ACTIVITY
Where the line containing "Prodajem dva muška" appears in the records below, begin there and repeat each line exactly through the final one, dropping all pictures.

[Opening EXTRACTED RECORDS section]

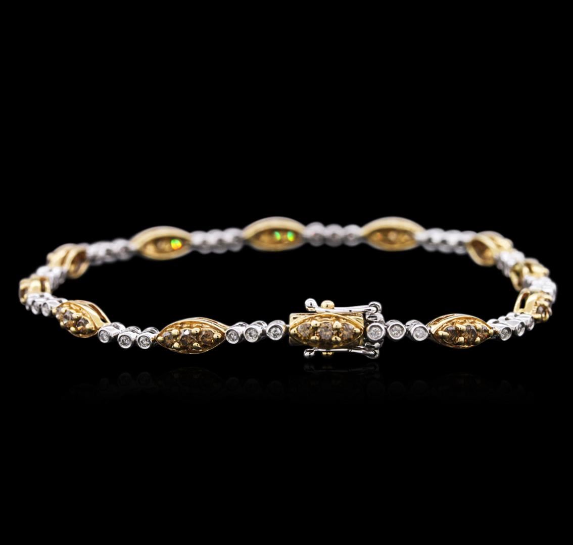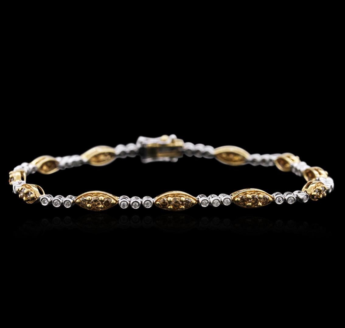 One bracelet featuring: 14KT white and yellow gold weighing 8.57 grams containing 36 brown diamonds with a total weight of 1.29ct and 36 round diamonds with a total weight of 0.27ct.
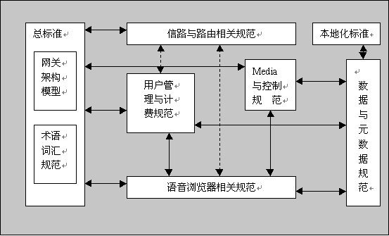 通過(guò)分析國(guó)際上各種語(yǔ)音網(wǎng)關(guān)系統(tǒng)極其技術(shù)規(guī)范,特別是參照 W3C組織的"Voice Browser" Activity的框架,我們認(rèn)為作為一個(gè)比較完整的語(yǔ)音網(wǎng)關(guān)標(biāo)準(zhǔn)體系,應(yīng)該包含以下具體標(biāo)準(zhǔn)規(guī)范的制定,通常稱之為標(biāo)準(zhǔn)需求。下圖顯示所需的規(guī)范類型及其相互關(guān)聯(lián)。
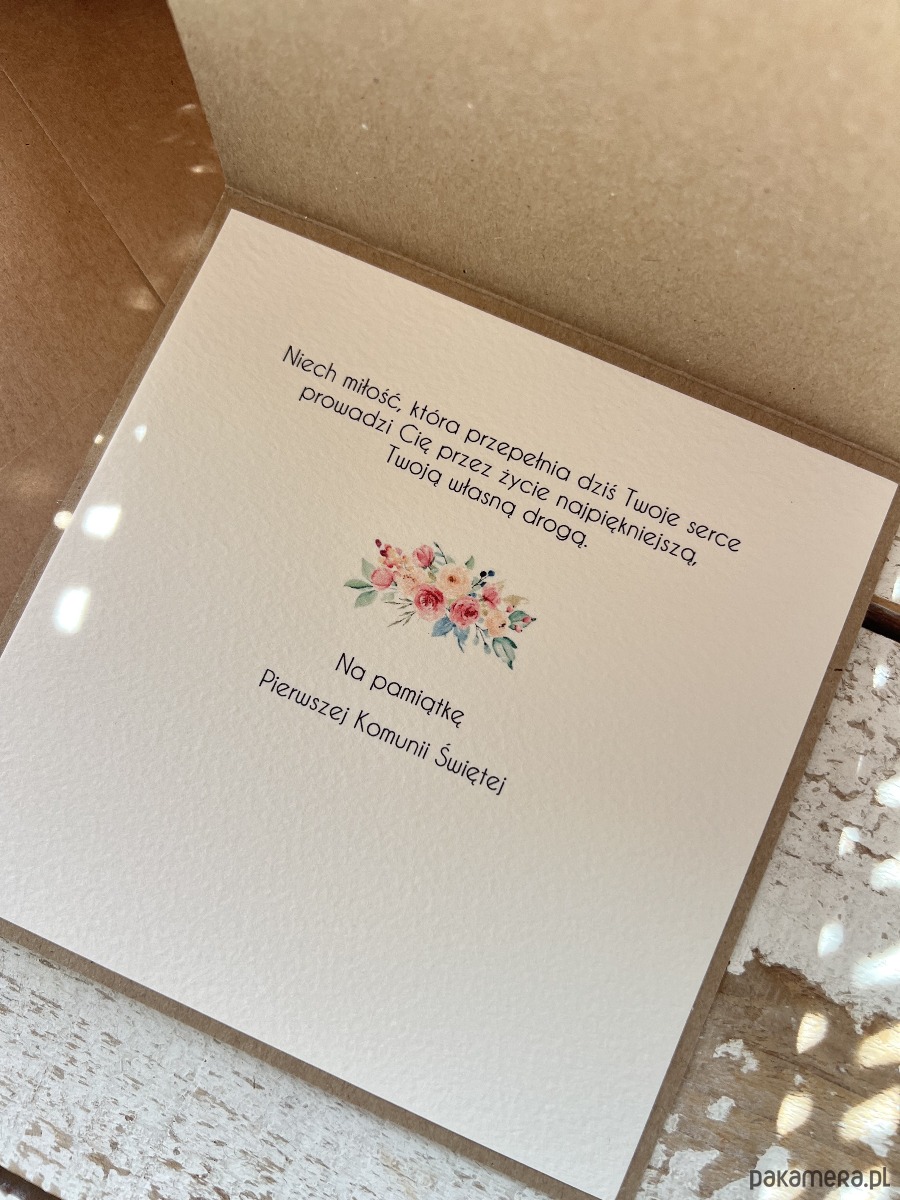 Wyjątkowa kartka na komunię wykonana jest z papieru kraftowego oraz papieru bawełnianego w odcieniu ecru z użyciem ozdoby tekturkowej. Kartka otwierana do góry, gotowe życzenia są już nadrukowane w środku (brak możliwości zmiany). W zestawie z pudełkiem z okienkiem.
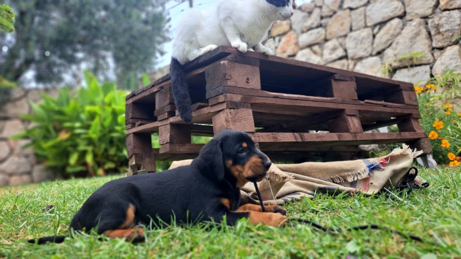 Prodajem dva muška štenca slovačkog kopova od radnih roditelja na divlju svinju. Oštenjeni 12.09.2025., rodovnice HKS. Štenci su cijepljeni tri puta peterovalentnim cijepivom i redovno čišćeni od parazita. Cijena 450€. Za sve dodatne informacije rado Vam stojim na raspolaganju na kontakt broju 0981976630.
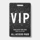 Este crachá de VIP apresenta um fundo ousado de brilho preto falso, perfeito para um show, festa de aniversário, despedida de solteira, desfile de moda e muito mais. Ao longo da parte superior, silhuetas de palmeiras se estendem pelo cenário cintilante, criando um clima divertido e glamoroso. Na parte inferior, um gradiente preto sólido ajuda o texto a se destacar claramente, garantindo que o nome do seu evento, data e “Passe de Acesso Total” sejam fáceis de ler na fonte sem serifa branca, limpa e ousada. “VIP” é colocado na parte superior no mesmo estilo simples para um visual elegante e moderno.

[Closing EXTRACTED RECORDS section]

REPLY
 Prodajem dva muška štenca slovačkog kopova od radnih roditelja na divlju svinju. Oštenjeni 12.09.2025., rodovnice HKS. Štenci su cijepljeni tri puta peterovalentnim cijepivom i redovno čišćeni od parazita. Cijena 450€. Za sve dodatne informacije rado Vam stojim na raspolaganju na kontakt broju 0981976630.
 Este crachá de VIP apresenta um fundo ousado de brilho preto falso, perfeito para um show, festa de aniversário, despedida de solteira, desfile de moda e muito mais. Ao longo da parte superior, silhuetas de palmeiras se estendem pelo cenário cintilante, criando um clima divertido e glamoroso. Na parte inferior, um gradiente preto sólido ajuda o texto a se destacar claramente, garantindo que o nome do seu evento, data e “Passe de Acesso Total” sejam fáceis de ler na fonte sem serifa branca, limpa e ousada. “VIP” é colocado na parte superior no mesmo estilo simples para um visual elegante e moderno.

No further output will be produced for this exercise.